But when not holding the GIL in NO_GIL build, some objects are dealloced by Py main thread, that my separate thread is not aware of, causing seg faults issue by dereferencing invalid addresses.

Again, to be clear, in nogil Python you need to pause other threads (via the stop-the-world APIs), so that they do not deallocate or mutate objects that you are trying to find.

My current logic is added within Modules/gcmodule.c, and it's called from PyThread_start_new_thread() as a separate thread. But perhaps I should consider moving it outside.

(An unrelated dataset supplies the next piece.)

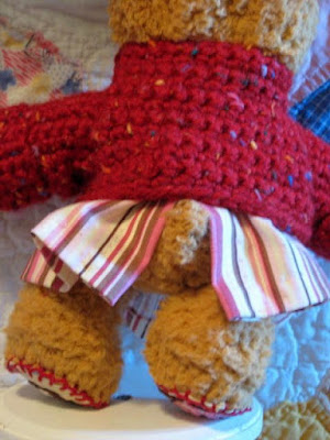 As I promised in my last post....I finally finished my sweet little Beary Goodness!!! This is little Lulu, she loves all things yummy! She comes with her very own red crochet sweater, a very cute striped skirt in pinks and browns and has been hand embroidered with a cupcake, hot coco, and strawberry's!!!

If you need to modify the runtime for your research that's fine, but the more non-standard things you want to do, the more likely you will run into issues.

DanielLee343 commented 10 months ago

@colesbury It seems I need to block other threads (either by _PyRuntimeState_StopTheWorld() in nogil or PyGILState_Ensure() in normal) regardlessly to collect live object information. Just some following up questions here.

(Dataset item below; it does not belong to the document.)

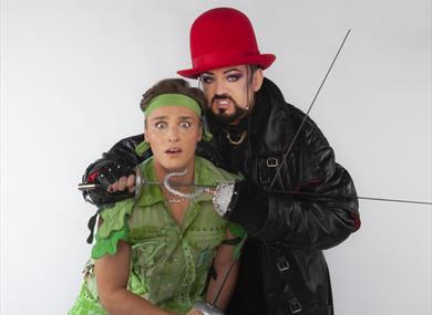 Although the show has traditional pantomime elements, it is so much more...including a stellar cast with BOY GEORGE debuting as Captain Hook! Boy George said: "I'm really looking forward to playing Captain Hook and showing off my evil side! I make my first entrance on a life size galleon that sails around the stage in front of an amazing water-wall fountain."

See visit_heap for how to find objects in nogil Python. For non-GC objects, you want the same code as visit_heap but with mi_heap_tag_obj.

I mimicked what visit_heap() did and changed two things. 1) replaced gc_get_objects_visitor with my own bookkeeping data structure instead of the PyList_Object, thus doesn't mess up the VM heap internal layout, 2) changed 4 occurrences of mi_heap_tag_gc tag into mi_heap_tag_obj to track non-gc objects. However, the # objs I got was only 99 (which should be way much larger) for mi_heap_tag_obj tagged. Thus I suspect somethings went wrong. I cannot inspect what these 99 PyObjects are since it segfaults when trying to call Py_TYPE(op) internally.

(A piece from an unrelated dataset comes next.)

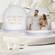 Wedding keepsake snow globe features a portrait of the bride and groom newlywed couple on the front with an elegant gold and white (colours can be modified) monogram of the married couple's first last name and wedding date that can be personalized on the back.

Non GC-tracked objects may not be in a reasonable state. For example, some of their fields may be used for other purposes if they're in a freelist or such.

What do you mean by reasonable states? This probably is the reason for the above.

I also tried to instrument _Py_NewReference, _Py_ReattachReference to proactively maintain all live objects but seems too much runtime overhead. I know this is not related to nogil but more of my own stuff, but I do appreciate any of your response.

colesbury commented 10 months ago

@DanielLee343 - sorry, I forgot that visit_heap() in this fork is different from the implementation I used in later versions (like nogil-3.12) and won't work with non-GC objects. It checks the "tracked" bit to determine which objects to visit, but that only makes sense for GC objects. non-GC objects don't have a tracked bit, so that strategy doesn't work and will probably filter out most objects and give you garbage.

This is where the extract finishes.